Such an affirmation, which still today in many cultural contexts appears totally easy to share, almost obvious, may instead seem a provocation in secularized Western culture. Many of our contemporaries could in fact object that they do not feel any such a desire for God. For large sectors of society, He is no longer the awaited one, the desired one, but rather a reality that leaves them indifferent, in front of whom one does not even need to make the effort to comment. In reality, what we have defined as "desire for God" has not entirely disappeared and presents itself still today, in many ways, in the heart of man.

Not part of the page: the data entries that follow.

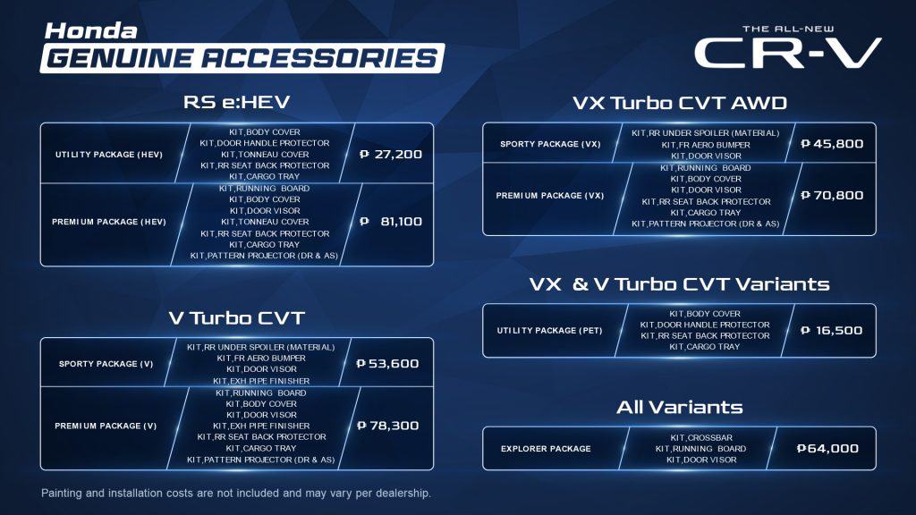 Customers can personalize their All-New Honda CR-V with a wide variety of accessories available. These accessories further highlight the All-New CR-V’s sleek and dynamic design, as well as expand the SUV’s practicality. There are also four accessory packages available for the SUV, namely the Utility Package, Sporty Package, Explorer Package, and Premium Package.
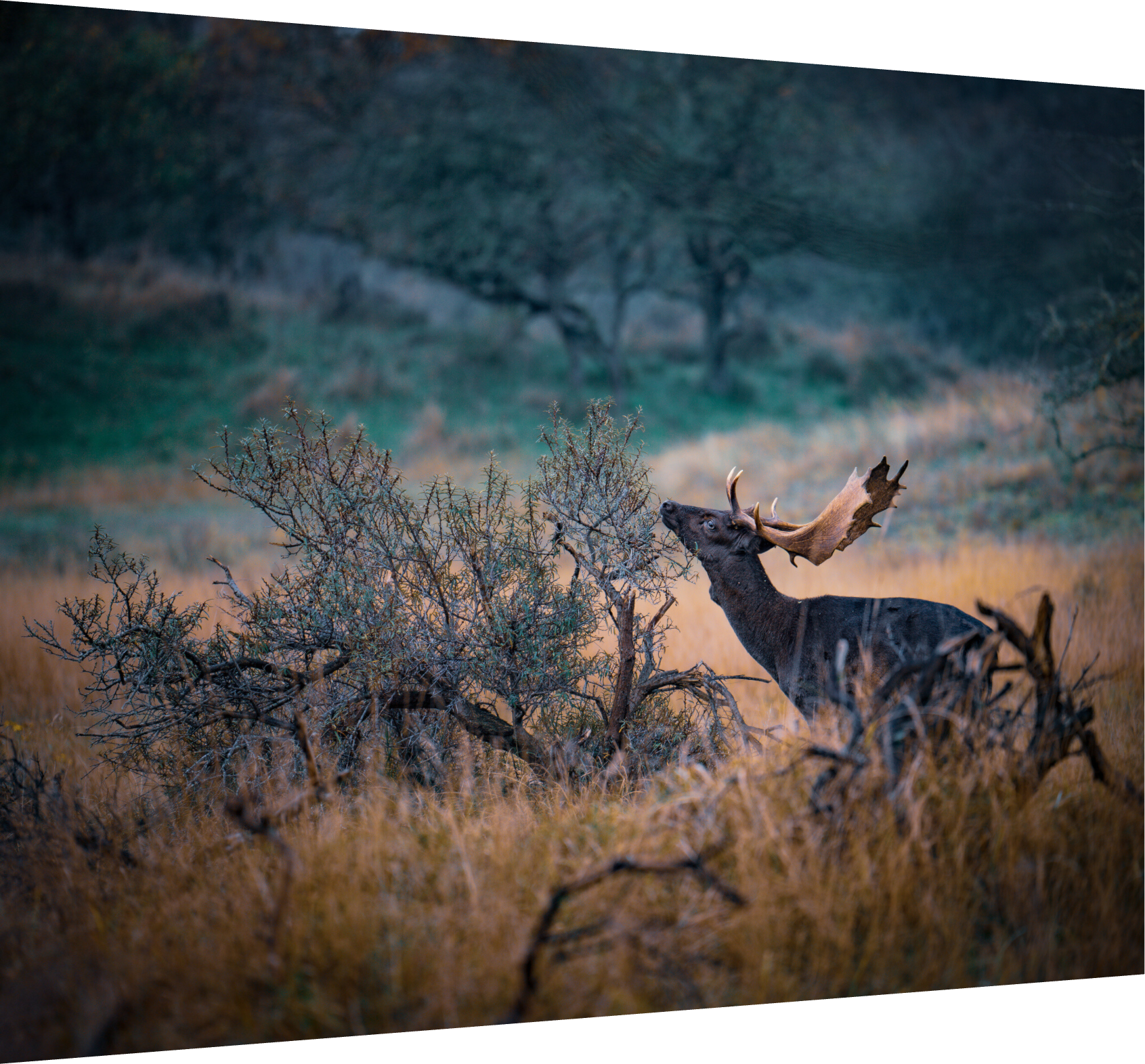 In the quiet wilderness, just before winter tightens its grip, I captured this red deer delicately picking the last berries from the bushes.
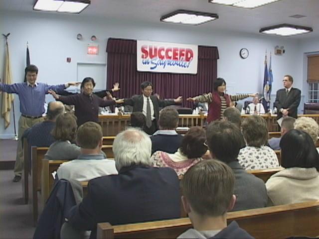 市长先生又接着告诉大家法轮大法在世界各地得到了众多的奖励,然后,邀请学员表演功法。虽事先没有准备,学员们还是整齐地表演了第一套功法,全体与会者报以热烈的掌声。市长先生说:“一般炼习者在公园等公共地方炼习,通过炼习得到放松和身心的修养。这样平和的功法可以在象今天这样的政府会议上表演,我们认为是一件很平常的事情,然而在另一个国家,人们因为炼习却遭到了禁止和迫害。”
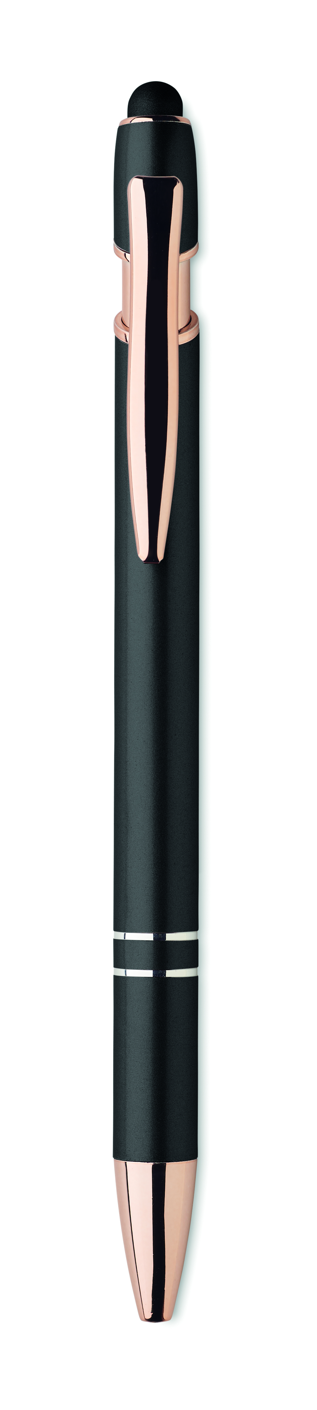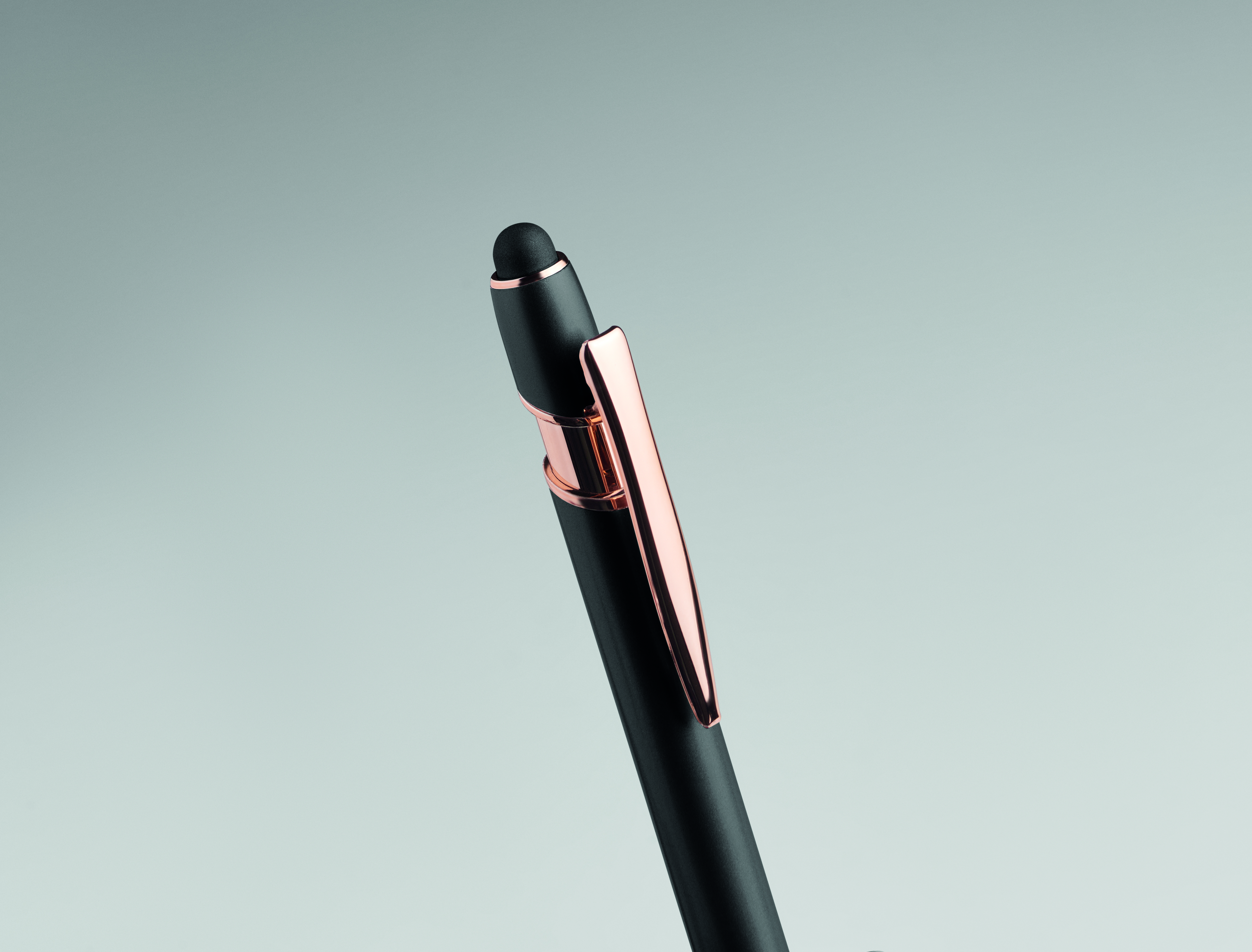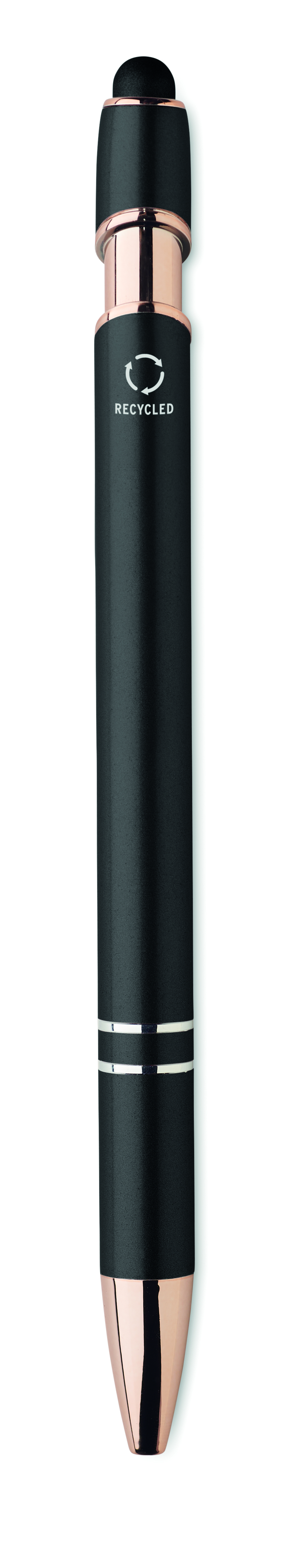Długopis z recyklingowanego aluminium z detalami w kolorze różowego złota. Niebieski tusz.

Human desire tends always to determined concrete goods, often far from spiritual, and nevertheless finds itself facing the question about what is truly "the" good, and thus is confronted with something that is other than itself, that man cannot construct, but is called to recognize. What can truly satisfy the desire of man?" (7.10.12)

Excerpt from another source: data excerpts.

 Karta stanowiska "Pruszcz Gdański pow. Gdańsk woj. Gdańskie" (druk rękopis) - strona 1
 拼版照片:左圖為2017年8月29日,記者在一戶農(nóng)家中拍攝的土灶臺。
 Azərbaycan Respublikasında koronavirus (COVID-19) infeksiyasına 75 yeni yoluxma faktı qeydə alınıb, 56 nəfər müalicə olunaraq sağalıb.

BXVI: "Returning to the scene of the vocation, the Evangelist tells us that, when Jesus sees Nathanael approaching him, he exclaims: "Behold, an Israelite indeed, in whom there is no guile!" (Jn 1, 47). This is a eulogy that recalls the text of a Psalm: "Blessed is the man... in whose spirit there is no deceit" (Ps 32, 2), but provokes the curiosity of Nathanael who replies in amazement: "How do you know me?" (Jn 1, 48). Jesus' response is not immediately comprehensible. He says: "Before Philip called you, I saw you when you were under the fig tree" (Jn 1, 48). We do not know what had happened under this fig tree. It is evident that this was a decisive moment in Nathanael's life. He feels touched in his heart by Jesus' words, he feels understood and he understands: this man knows everything about me, He knows and understands the road of life, this man I can really trust. And so he answers with a clear and beautiful confession of faith, saying: "Rabbi, you are the Son of God, you are the King of Israel" (Jn 1, 49). In this is delivered a first, important step on the journey of attachment to Jesus. Nathanael's words shed light on a twofold, complementary aspect of Jesus' identity: He is recognized both in his special relationship with God the Father, of whom he is the Only-begotten Son, and in his relationship with the people of Israel, of whom he is the declared King, precisely the description of the awaited Messiah. We must never lose sight of either one or other of these two components, because if we only proclaim Jesus' heavenly dimension we risk making him an ethereal and evanescent being, and if, on the contrary, we recognize only his concrete location in history, we end up by neglecting the divine dimension that properly qualifies him."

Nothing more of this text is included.